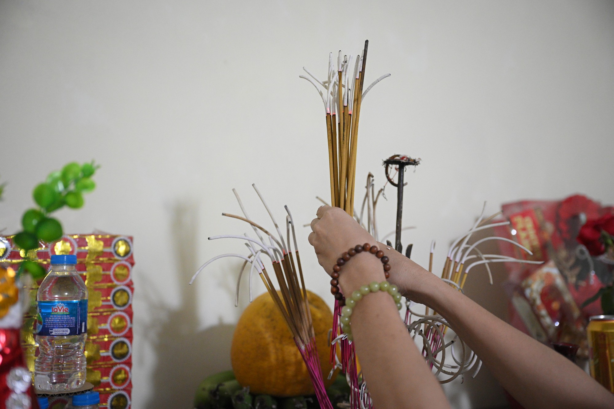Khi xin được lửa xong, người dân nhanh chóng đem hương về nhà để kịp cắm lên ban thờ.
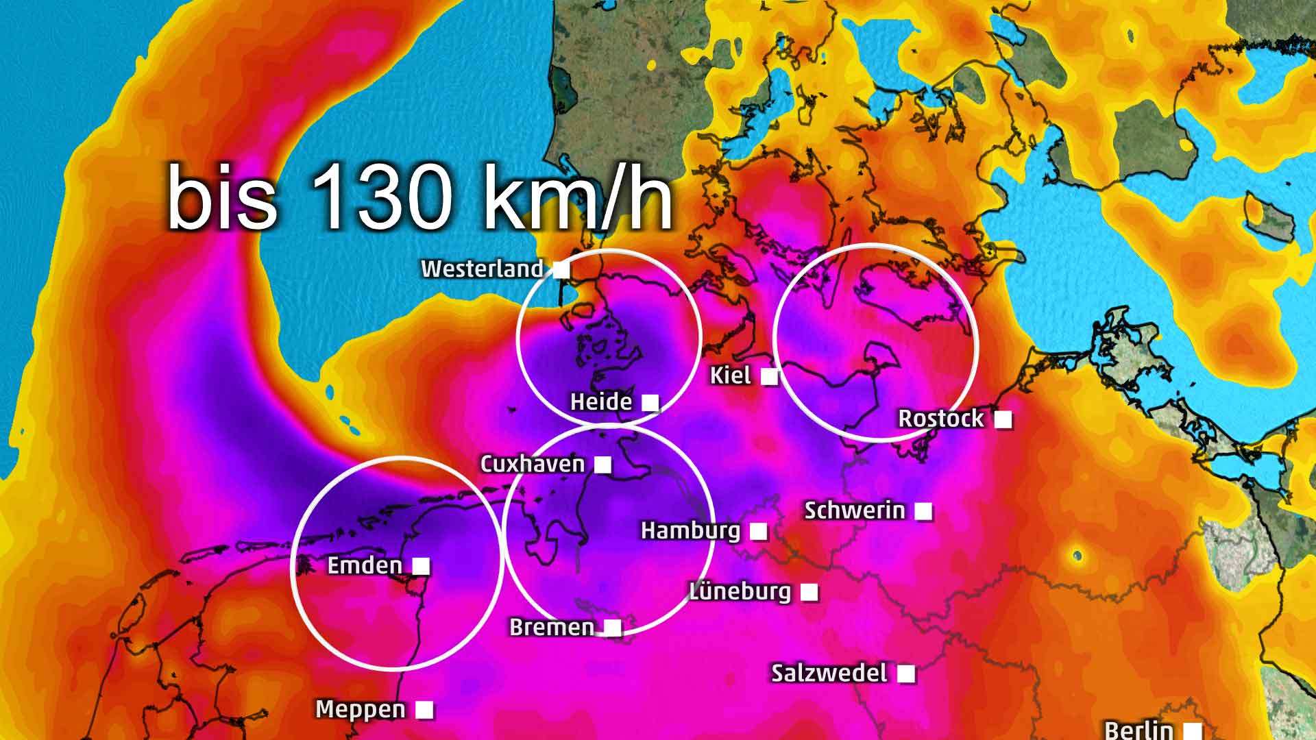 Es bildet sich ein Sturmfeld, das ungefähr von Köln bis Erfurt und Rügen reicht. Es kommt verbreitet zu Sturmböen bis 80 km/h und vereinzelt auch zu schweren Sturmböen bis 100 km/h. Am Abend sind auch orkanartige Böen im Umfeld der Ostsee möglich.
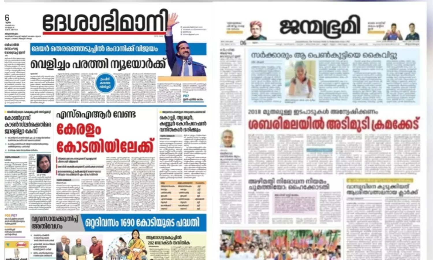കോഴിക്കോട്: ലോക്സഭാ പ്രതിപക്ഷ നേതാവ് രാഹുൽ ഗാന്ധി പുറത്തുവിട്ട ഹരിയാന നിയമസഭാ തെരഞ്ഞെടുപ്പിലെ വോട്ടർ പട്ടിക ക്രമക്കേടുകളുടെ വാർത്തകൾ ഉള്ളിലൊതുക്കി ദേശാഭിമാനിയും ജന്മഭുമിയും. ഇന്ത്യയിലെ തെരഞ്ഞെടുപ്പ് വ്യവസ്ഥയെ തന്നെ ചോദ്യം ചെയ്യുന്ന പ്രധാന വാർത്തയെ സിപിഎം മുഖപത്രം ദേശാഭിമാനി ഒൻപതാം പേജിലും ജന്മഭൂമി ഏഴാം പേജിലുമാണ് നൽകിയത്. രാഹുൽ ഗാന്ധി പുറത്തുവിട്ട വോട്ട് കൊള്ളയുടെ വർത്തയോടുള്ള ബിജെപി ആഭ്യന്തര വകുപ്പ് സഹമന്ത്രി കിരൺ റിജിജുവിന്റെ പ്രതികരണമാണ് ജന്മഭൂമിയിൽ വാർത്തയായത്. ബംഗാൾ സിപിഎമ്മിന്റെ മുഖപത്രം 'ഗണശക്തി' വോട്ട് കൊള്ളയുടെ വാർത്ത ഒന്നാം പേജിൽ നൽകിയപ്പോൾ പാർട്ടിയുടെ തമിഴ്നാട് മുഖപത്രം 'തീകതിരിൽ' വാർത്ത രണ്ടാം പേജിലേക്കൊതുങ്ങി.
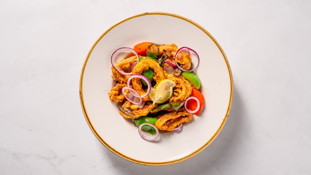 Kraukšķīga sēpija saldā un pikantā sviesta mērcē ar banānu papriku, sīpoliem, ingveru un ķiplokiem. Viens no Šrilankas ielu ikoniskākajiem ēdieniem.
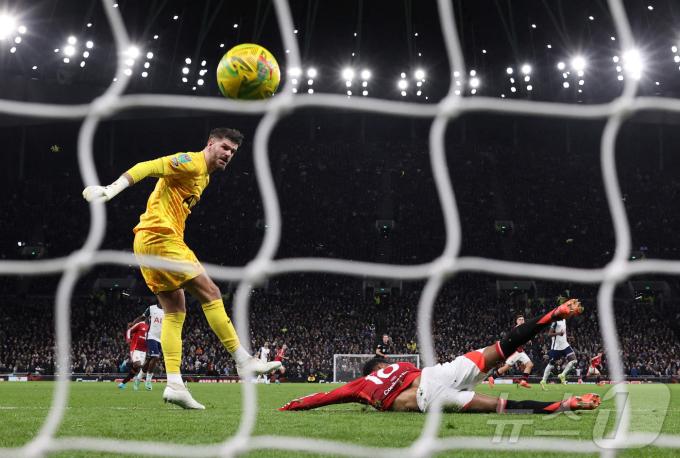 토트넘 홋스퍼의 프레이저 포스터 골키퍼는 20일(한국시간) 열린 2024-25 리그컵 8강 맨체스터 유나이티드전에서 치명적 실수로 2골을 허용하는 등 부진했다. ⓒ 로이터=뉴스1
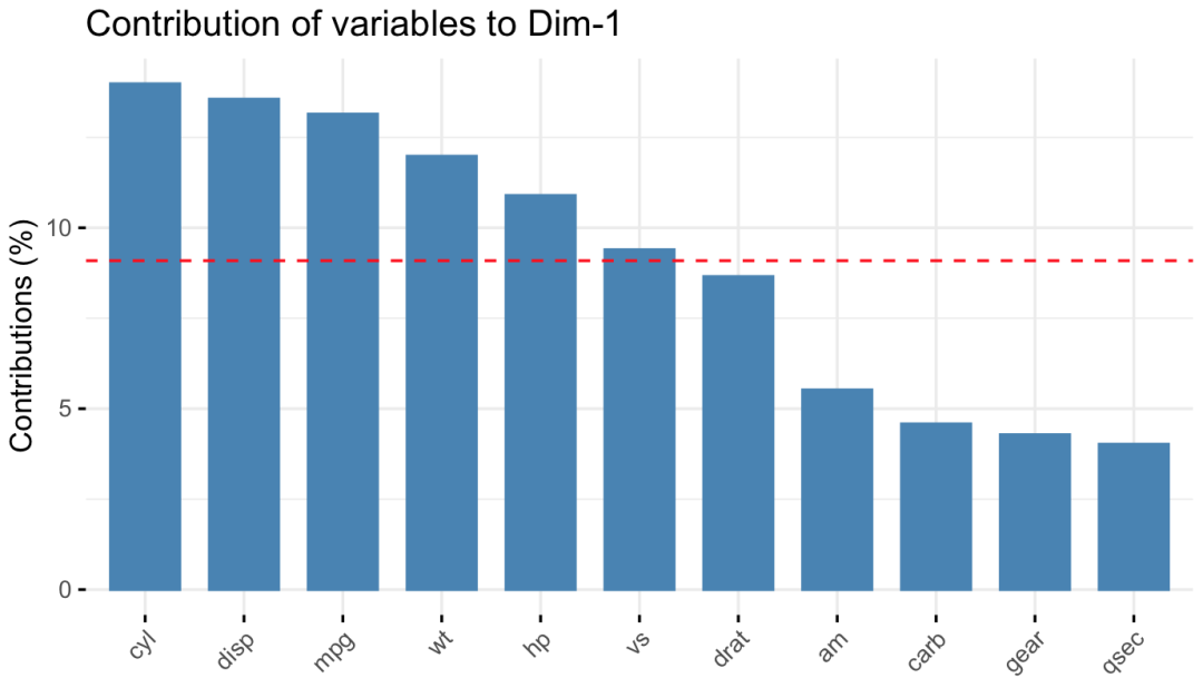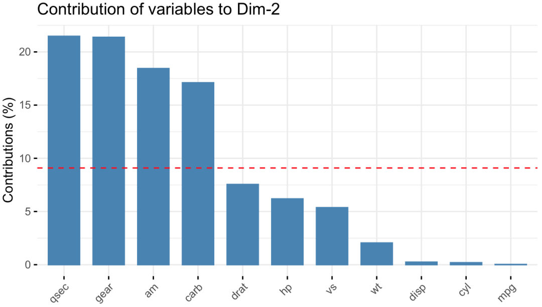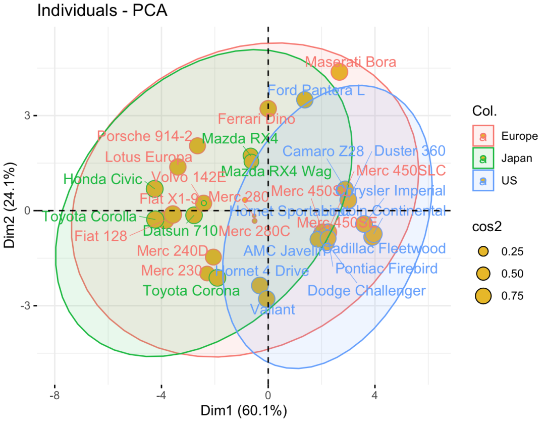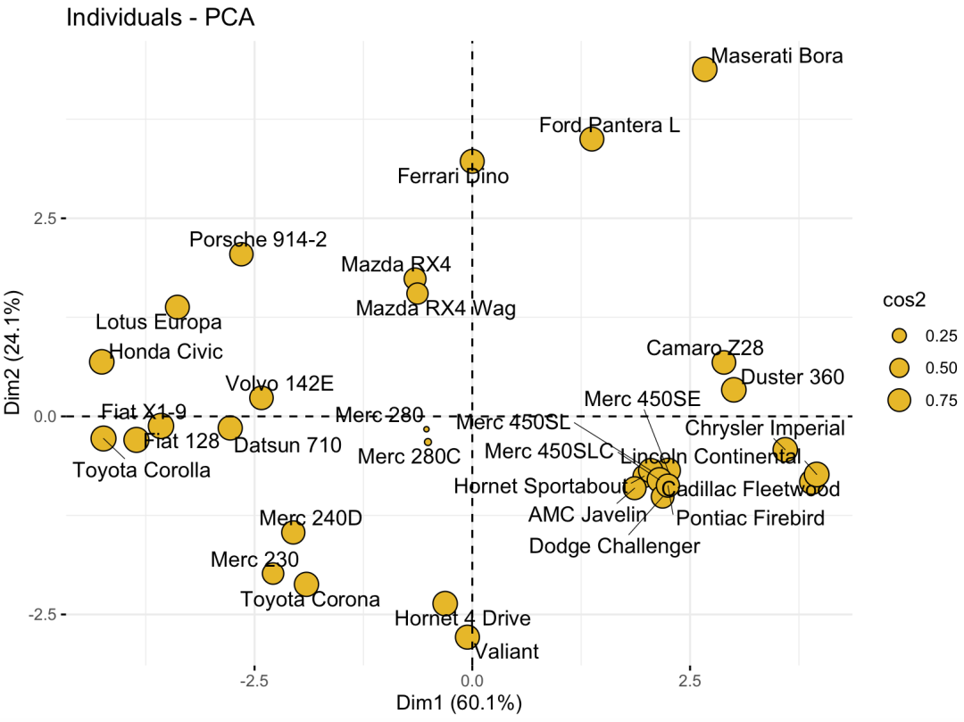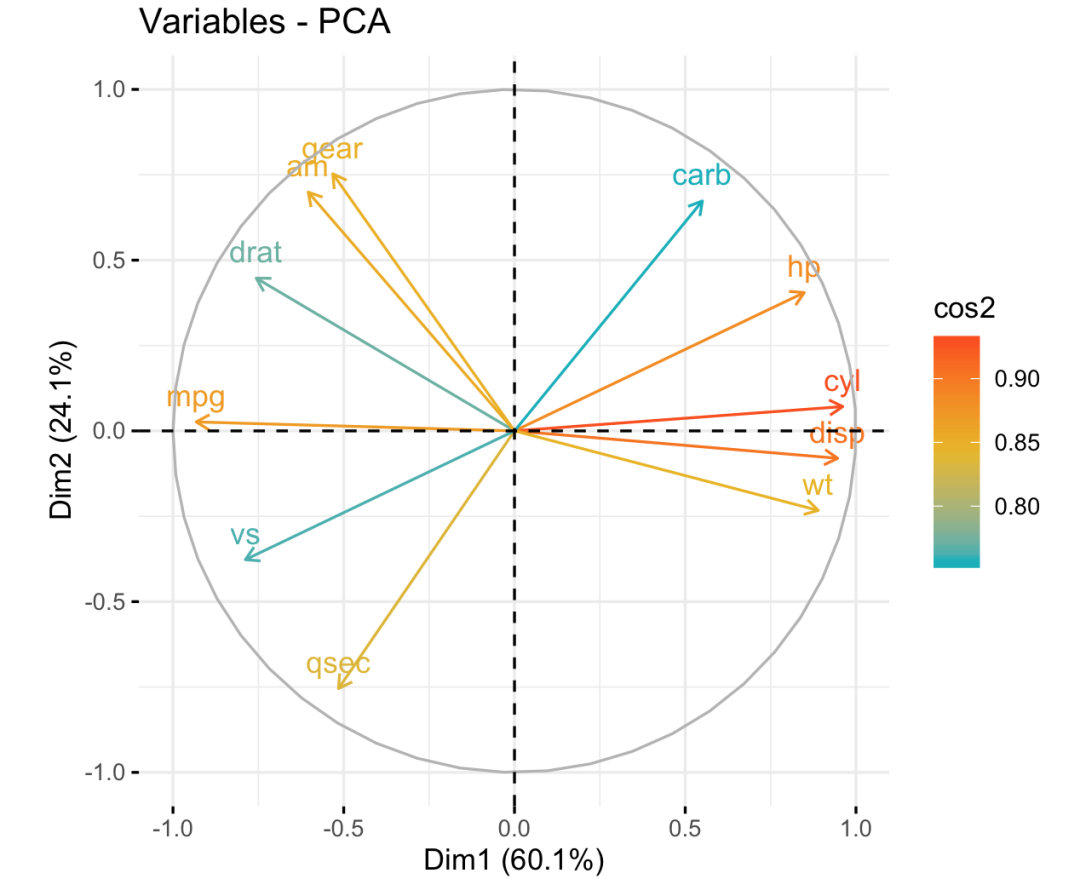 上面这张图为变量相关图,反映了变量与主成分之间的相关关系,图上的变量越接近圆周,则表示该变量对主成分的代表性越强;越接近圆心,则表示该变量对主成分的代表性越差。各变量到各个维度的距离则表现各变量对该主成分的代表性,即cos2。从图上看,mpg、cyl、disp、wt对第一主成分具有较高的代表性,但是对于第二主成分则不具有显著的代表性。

*****

TASK STATEMENT.
Beginning at the line containing "Kraukšķīga sēpija saldā", restate every line through the end of the material above exactly; omit the pictures.

ANSWER TO THIS EXERCISE.
 Kraukšķīga sēpija saldā un pikantā sviesta mērcē ar banānu papriku, sīpoliem, ingveru un ķiplokiem. Viens no Šrilankas ielu ikoniskākajiem ēdieniem.
 토트넘 홋스퍼의 프레이저 포스터 골키퍼는 20일(한국시간) 열린 2024-25 리그컵 8강 맨체스터 유나이티드전에서 치명적 실수로 2골을 허용하는 등 부진했다. ⓒ 로이터=뉴스1
 上面这张图为变量相关图,反映了变量与主成分之间的相关关系,图上的变量越接近圆周,则表示该变量对主成分的代表性越强;越接近圆心,则表示该变量对主成分的代表性越差。各变量到各个维度的距离则表现各变量对该主成分的代表性,即cos2。从图上看,mpg、cyl、disp、wt对第一主成分具有较高的代表性,但是对于第二主成分则不具有显著的代表性。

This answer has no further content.